A distinct wash of unease comes over the family home, thanks to the interference of artist Ian Strange.
Sally Tabart
Published on August 06, 2013
Updated on December 08, 2014

Overview

In 2011, Ian Strange recreated a full-scale replica of his family home as part of an installation in Turbine Hall at Cockatoo Island, accompanied by a film featuring the powerful destruction of three Holden Commodores. In his new body of work, Suburban, Strange films and photographs (amongst other things) violently burning a house in the suburbs to the ground. Whether or not this is a particularly creative way to work out some childhood angst, we should be grateful that Strange has art as an outlet.

Initially gaining recognition in Australia’s early street-art scene from the late 1990s under the moniker Kid-Zoom, Strange is one of the few who have successfully transitioned from the canvas of the streets to internationally recognised contemporary exhibitions. In a body of visually stunning and emotionally compelling photography and film work, the Australian-born, New York-based artist explores the notion of the family home as an icon of Western post-war idealism in the United States and Australia.

Travelling across Ohio, Michigan, Alabama, New Jersey, New York and New Hampshire with a film crew and volunteers for two and a half years, he has produced a recreation of eight site-specific interventions incorporating suburban homes. Surrounding you with three screens in a pitch-black room, the video installation work is particularly arresting and immersive and feels as monumental as a moving cinematic experience.

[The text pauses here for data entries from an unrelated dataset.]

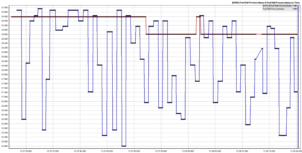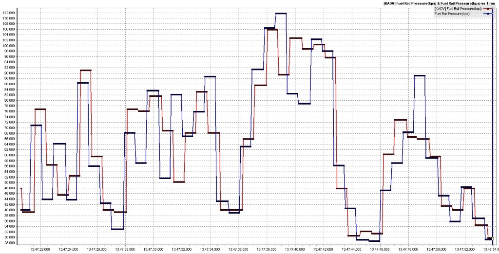 Есть сомнения по правильности работы регулятора давления в топливной рейке, выкладываю свой лог. Синим фактическое значение, а красным задание.
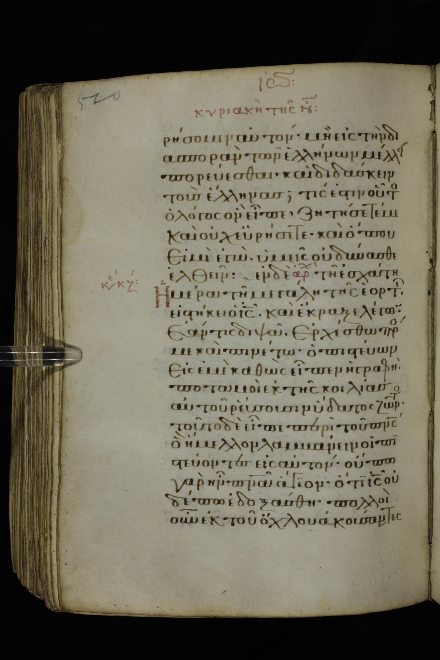 Fourteenth century minuscule of the Gospels on parchment; 332 leaves, 1 column, 21 lines per column. Images were taken at the National Library of Greece in Athens.
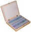 The prepared slides are marked with english and german descriptions. A printed list of the contents is included.
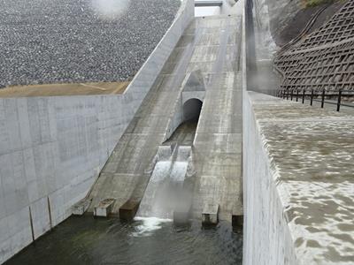 wDNの取材で中に入れていただいたトンネル式常用洪水吐の吐口です。

Shots of eerily lit house facades branded by a red X or a large circle as though by alien intervention combined with an equally ominous soundtrack challenges the association of warmth and comfort in a home, and paints a distinct wash of unease over the energy of these otherwise cookie-cutter moulds. As the music builds, so too does the imagery, climaxing in wide-scale shots of homes being burnt to the ground, sitting in a unclear emotional place somewhere between devastating and mesmerising.

This was in fact the tone of the entire exhibition, imparting upon the viewer the confusing fusion of an iconic symbol of comfort with a mysterious, dark energy.